Garfield's Nightmare is a platform game released for the Nintendo DS, based on the popular cartoon strip Garfield. The game follows Garfield traveling through 16 levels trying to escape a nightmare that Garfield has, by dodging enemies and negotiating complex terrain. The levels are divided into four sections, with each section having its own theme and a boss battle at the end.

Plot
Garfield comes up with the idea to combine breakfast, lunch and dinner to have more time for his other activities. He crams a couple of pizzas, some lasagnas and two bags of jelly donuts into one big sandwich, which he eats.
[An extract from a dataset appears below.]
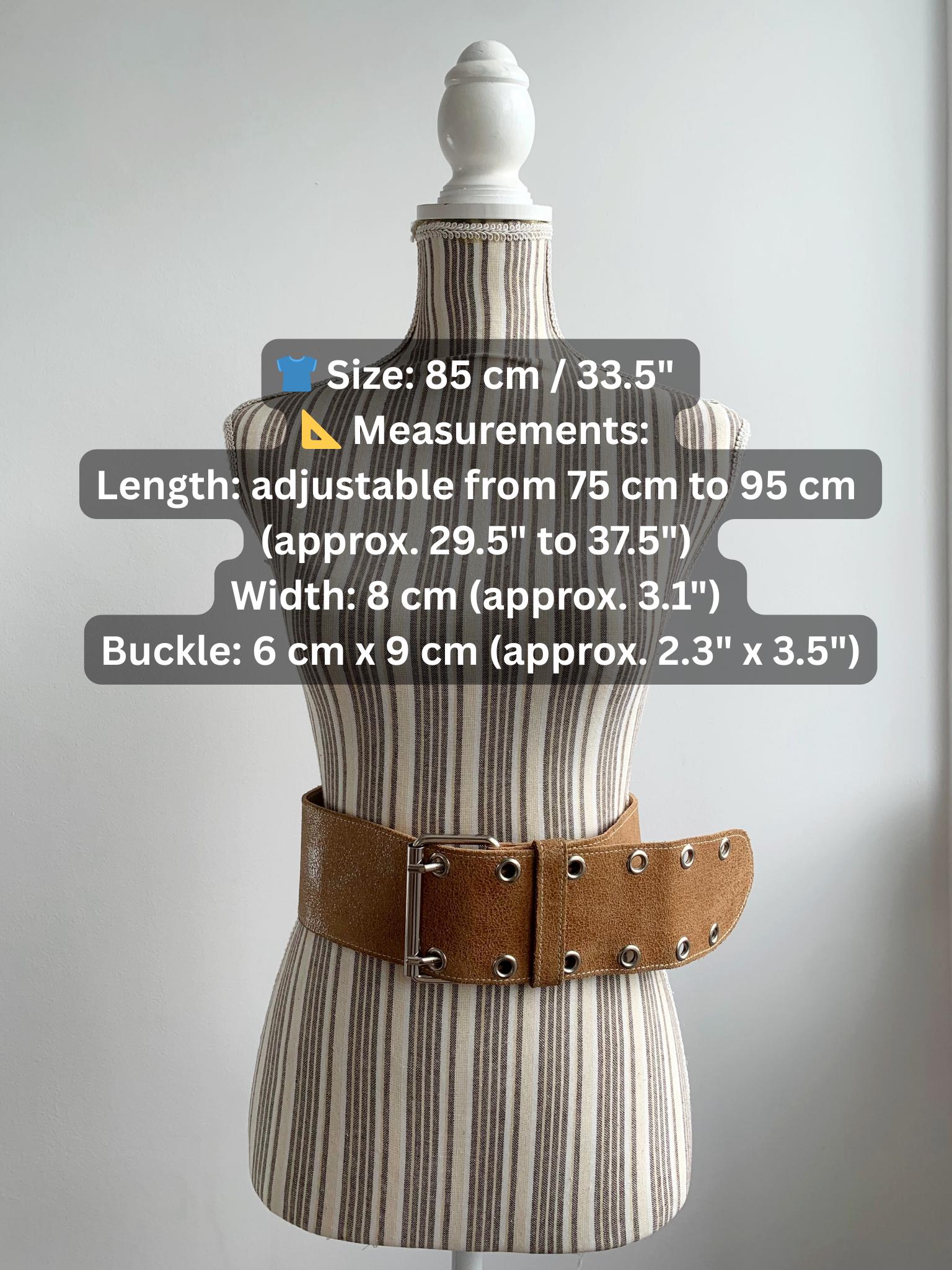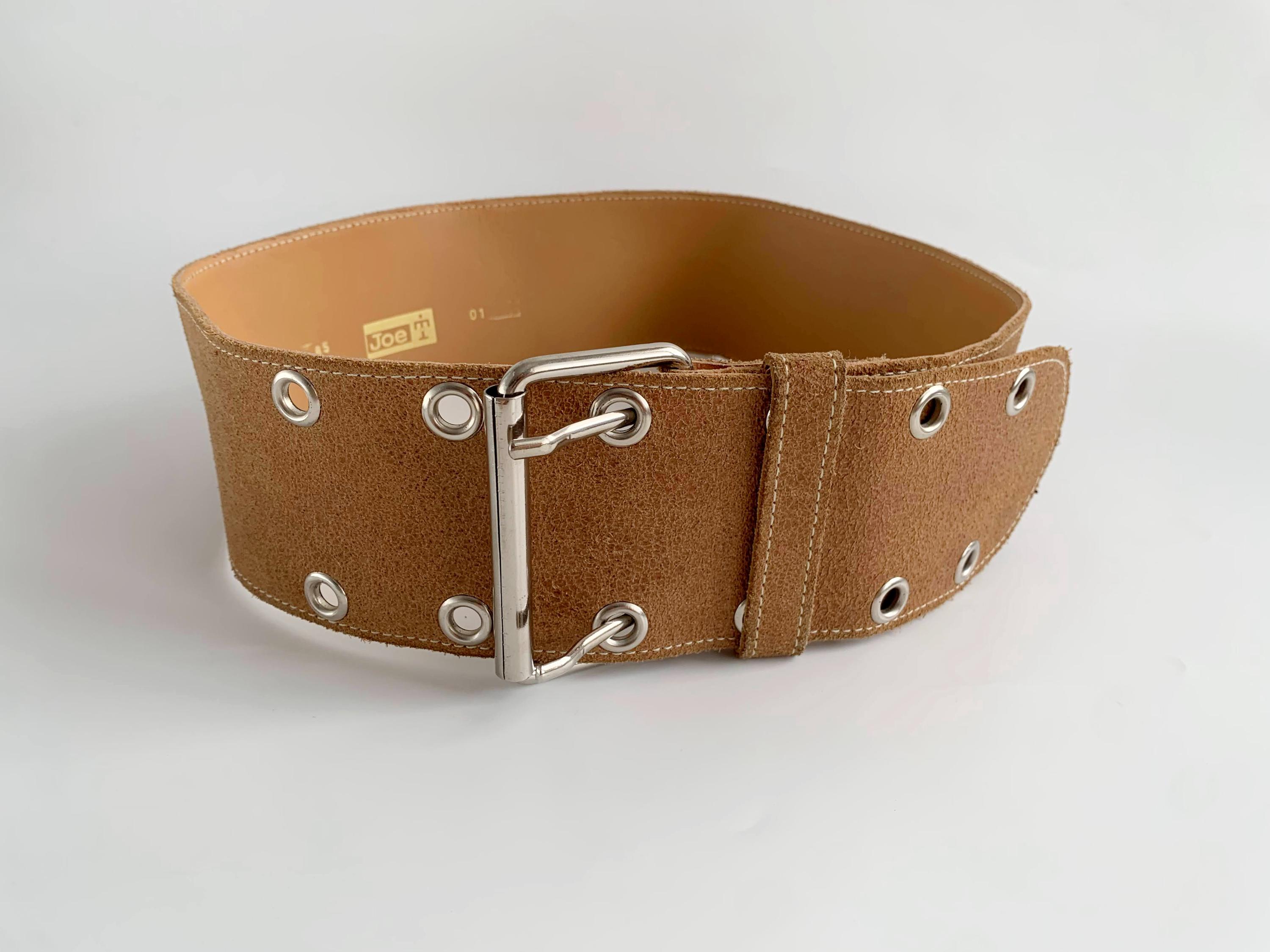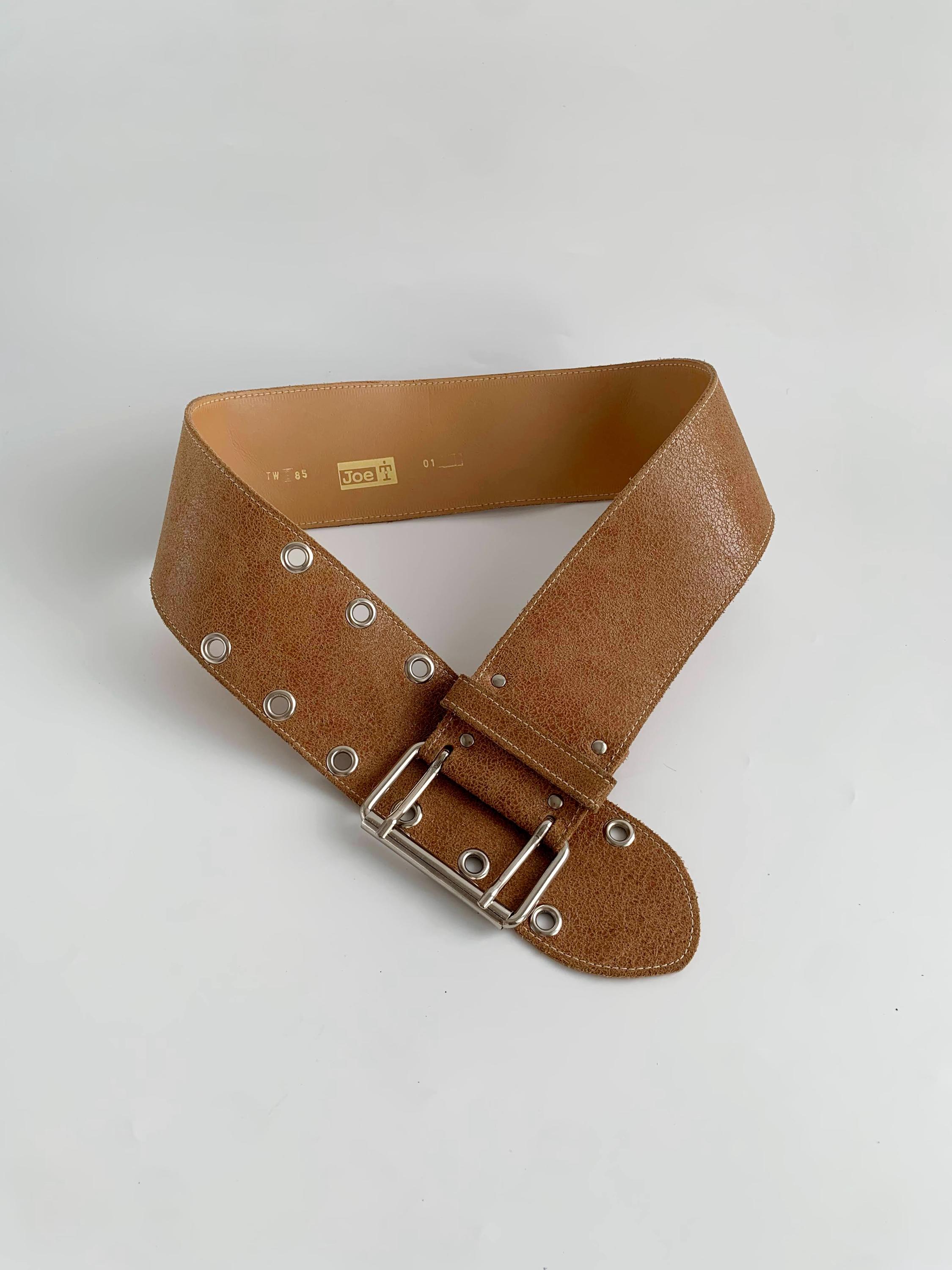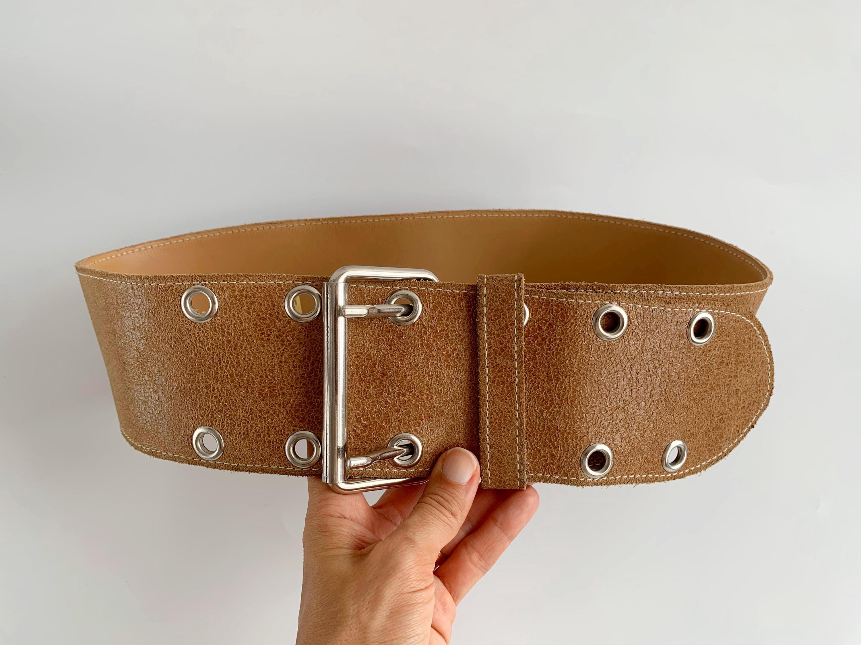 This is a vintage 90s wide waist belt made of genuine leather with cracked effect with suede leather feel in size 85 cm / 33.5" . This camel brown leather belt is crafted from high-quality textured tan suede feel leather and features a bold double-prong silver-tone buckle and industrial-style grommet detailing. The extra-wide silhouette is designed to cinch the waist, making it an ideal accessory for overcoats, flowy bohemian dresses, or oversized knits. Whether you are aiming for a 90s minimalist look or a rugged western-boho vibe, this durable "Joe T" branded wide leather waist belt offers both timeless style and exceptional craftsmanship.

However, this proves to be too much even for him, and he slowly falls asleep and his nightmare begins.
 
Garfield suddenly wakes up in a haunted castle; rather than the real world, he has entered a strange dream world populated by the monsters of Garfield's sub-conscious. To make things even worse, Garfield smashed his alarm clock in the real world, and now his only chance at waking up soon depends on his ability to find the shattered pieces and put them back together.

Gameplay
Garfield's Nightmare is a 2D platform game. It does not make heavy use of the touch screen features of the Nintendo DS, instead using it to display game statistics. Each level has a bonus door, leading to a bonus game to collect extra lives, as well as a secret area in each level which contains an extra life.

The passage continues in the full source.